Subject: Re: Updating /etc...
To: Ted Lemon <mellon@fugue.com>
From: Michael Graff <explorer@flame.org>
List: current-users
Date: 12/19/1995 14:08:36
>It's practically impossible to approach a strange machine and figure
>out what it does on startup. The scripts in /etc/init.d, because
>they are independent, have to do quite a bit more than would be done
>in /etc/rc.local. So each script winds up being about the size of
>/etc/netstart on NetBSD.
On the SGI I have here on my desk:
-rwxr--r-- 1 root sys 627 Oct 22 19:00 acct
-rwxr-xr-x 1 root sys 500 Oct 22 18:57 announce
-rwxr-xr-x 1 root sys 2712 Oct 22 19:00 audit
-rwxr-xr-x 1 root sys 197 Oct 22 18:57 auto_ipaddress
-rwxr-xr-x 1 root sys 2989 Oct 22 18:57 autoconfig
-rwxr-xr-x 1 root sys 302 Oct 22 19:08 bsdlpr
-rwxr--r-- 1 root sys 667 Oct 22 20:03 cachefs
-rwxr-xr-x 1 root sys 2541 Oct 22 19:09 cadmin
They seem reasonable sized. For the added flexability of adding and
removing packages, I could deal with them being larger.
>Then, you can't edit the whole startup process at once - you have to
>grep around for the daemon you're trying to control, then edit the
>file that controls it, and usually figure out the entire functioning
>of that file and then touch yet another file somewhere else to make
>the change you want.

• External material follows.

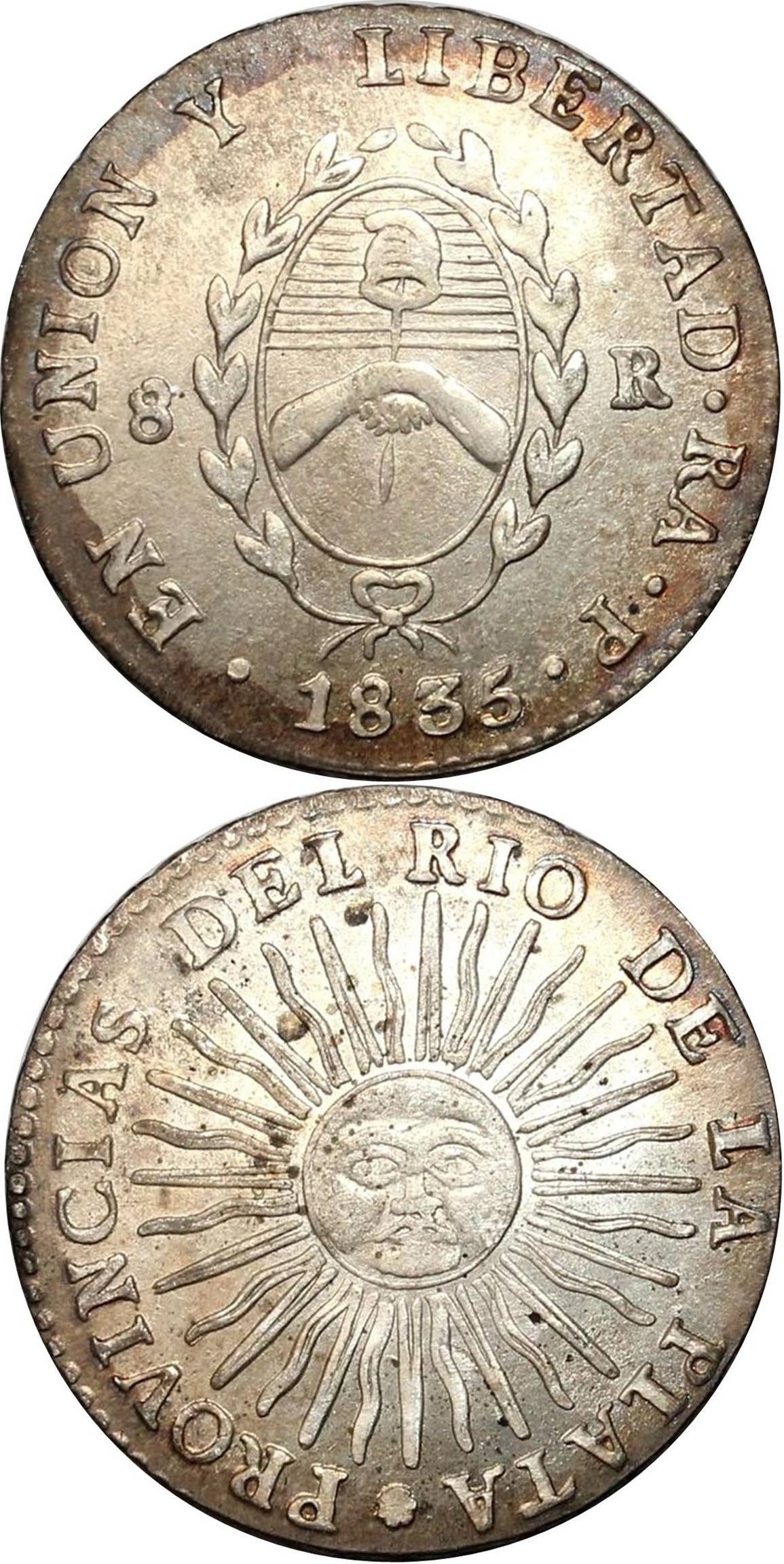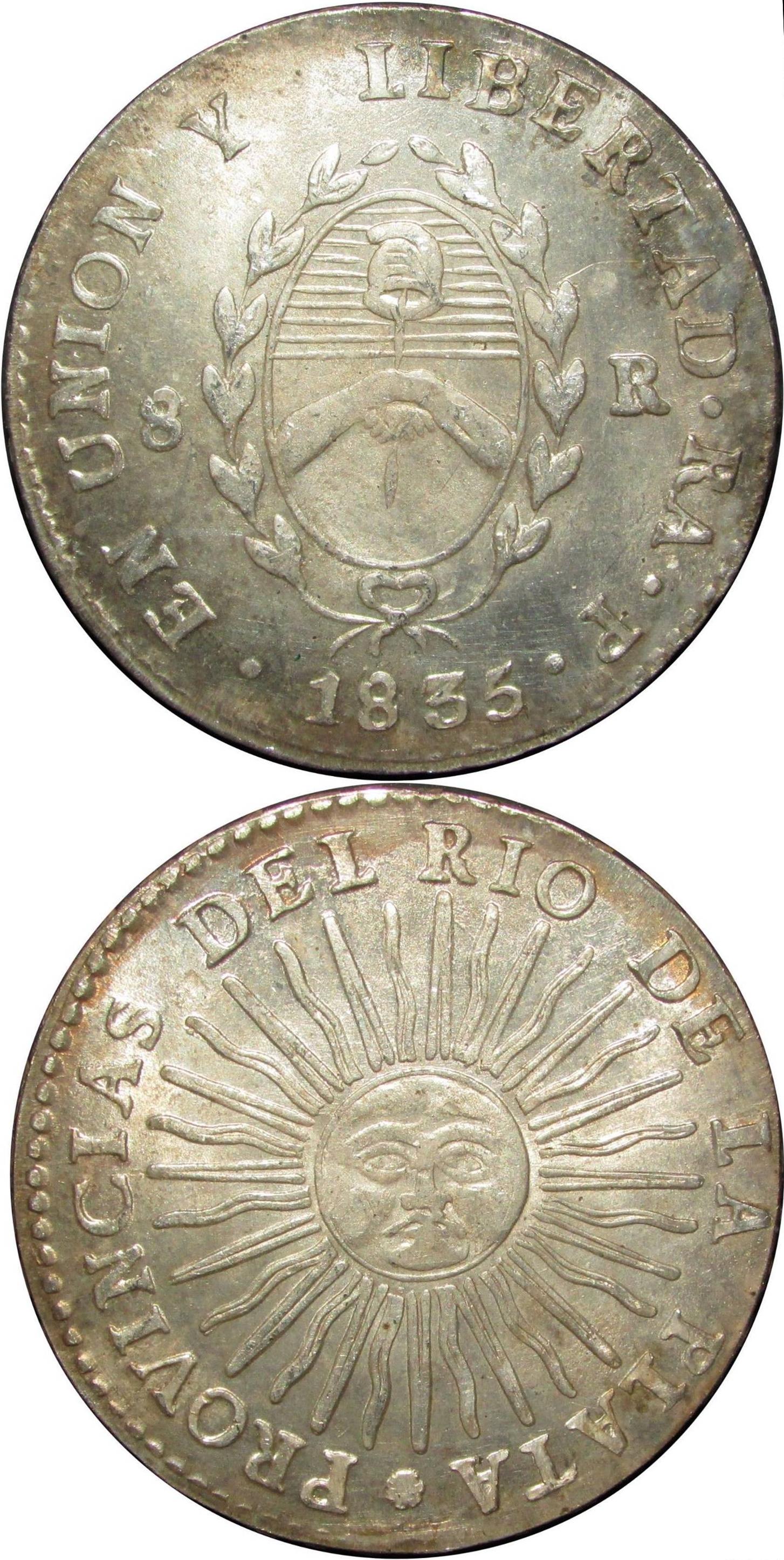 Los anversos y reversos de esta pieza son copia fiel de la falsificación de la moneda de 1836 con la diferencia del cambio del último dígito del año 1836 por el 1835.

The learning curve is obscene.
I would argue that using
pkgadd foo
is simplier than
tar zxvf package.tar.Z
vi /etc/rc.local
and day. If the user needs to edit the startup file, it is NO HARDER
than editing /etc/rc.local, and if they muck it up, they loose one
package, not the whole system.
--Michael
--
Michael Graff <explorer@flame.org> NetBSD is the way to go!
PGP key on a key-server near you! Rayshade the world!